I’m trying to come up with healthy meals that I can make ahead of time so that we different options on activity nights. I love a nice family sit down meal, but some nights it just isn’t possible. So I am trying to figure out lots of meals that we can either pack up and go or eat quickly when we get home later than usual.
Jim and I recently started playing squash at our gym and I am kind of obsessed. My plan is to play every Thursday night and bring dinner to eat out by the pool afterwards (in order to get the kids to happily agree to our new plan.) We also have gymnastics on Tuesdays which makes for a late dinner. I found myself eating some strange meals (like eggs and canned collard greens) on a few nights that I wasn’t prepared, so I decided to start a list of options for these types of evenings.
Enter the Pineapple Chicken Salad.
I was surprised how much everyone liked these. My oldest daughter, Ella particularly loved them and I think she was even surprised how much. The first night we had them I served them in warmed whole wheat pitas and the second night we had them in wraps. Both were good, but I particularly liked the pitas.
The great thing about these is that you get everything in one shot. Lean Protein – check. Complex Carbohydrates – check. Fruits and Veggies – check. Yumminess – double check. The creaminess comes from a combo of greek yogurt and light mayo and there are some sliced almonds for that nutty crunch that I just love in chicken salad.

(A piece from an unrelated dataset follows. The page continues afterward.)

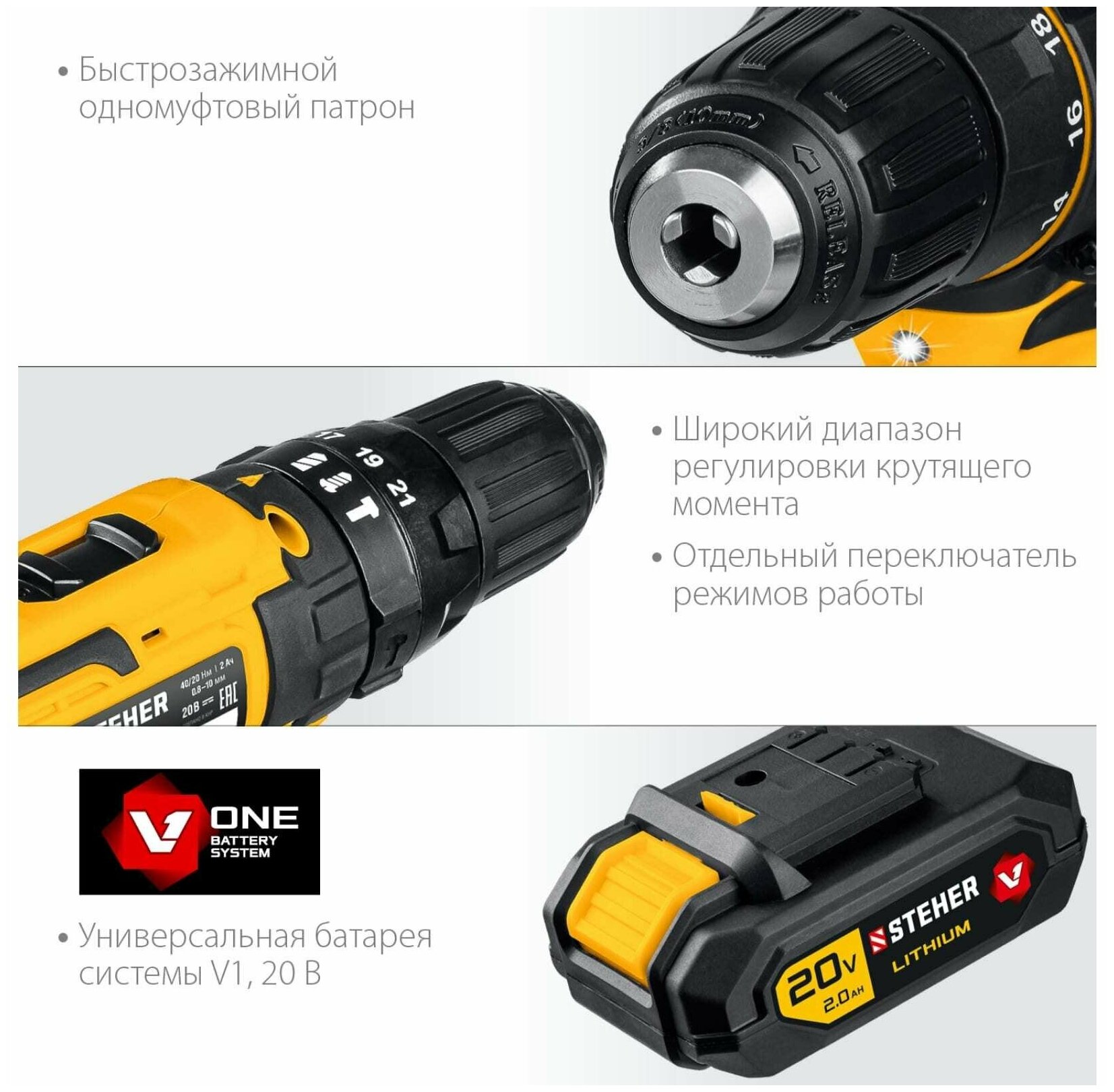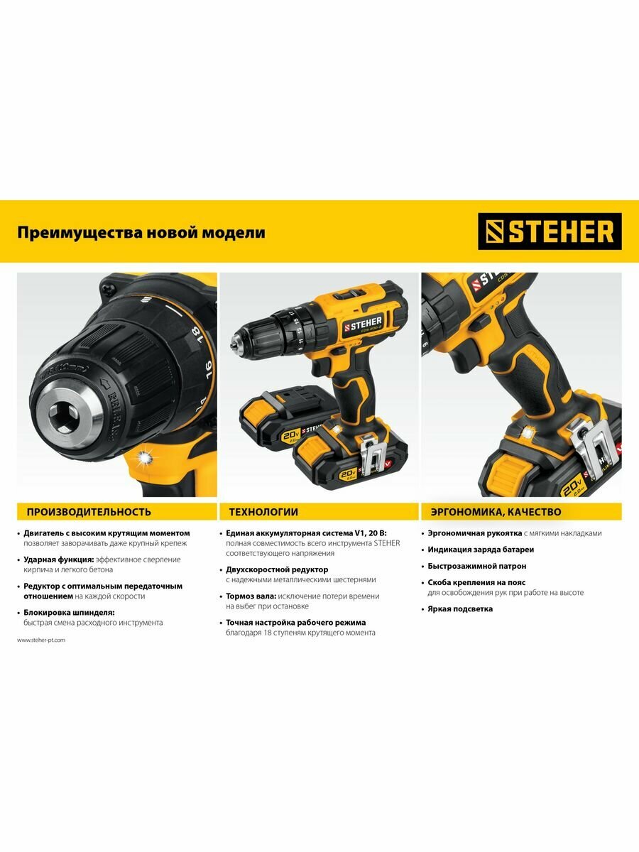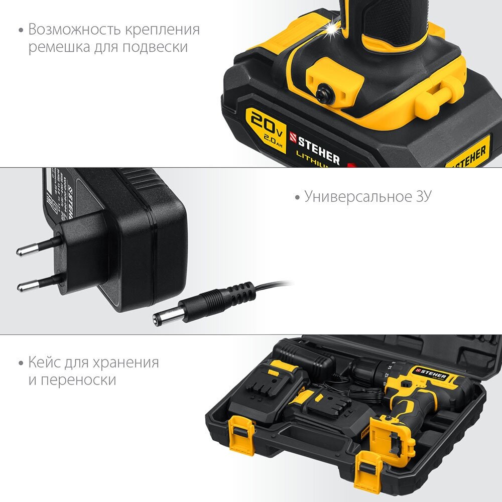 Ударная дрель-шуруповерт, CDS-200-2 STEHER 20 В, 2 АКБ (2Ач), в кейсе интересное:

If I was going to take these to the pool I would probably stuff the pitas ahead of time and wrap them up in some foil for everyone. Throw some grapes or carrots in a plastic container and we can call it a meal.
PS….I am starting a new tag for Busy Night Meals. I would also love to hear any suggestions for meals for busy nights. I need to be able to make everything ahead of time and ideally it should be portable or easy to reheat.
Source: Cooking Light via MyRecipes.com
- 2½ cups chopped cooked chicken breast (about 1 pound)
- ½ cup matchstick-cut carrots
- ⅓ cup sliced almonds, toasted
- ⅓ cup light mayonnaise
- ¼ cup finely chopped green onions
- ¼ cup plain fat-free yogurt (I used Greek)
- 1 tablespoon Worcestershire sauce
- ½ teaspoon garlic powder
- ¼ teaspoon salt
- ¼ teaspoon black pepper
- 1 (8-ounce) can crushed pineapple in juice, drained
- 4 (6-inch) whole wheat pitas, each cut in half
- 8 Romaine lettuce leaves
- Combine all the salad ingredients in a bowl and combine thoroughly. Allow to chill for at least one hour. Line each pita with a romaine leaf and stuff pita with about ⅓ cup of chicken salad.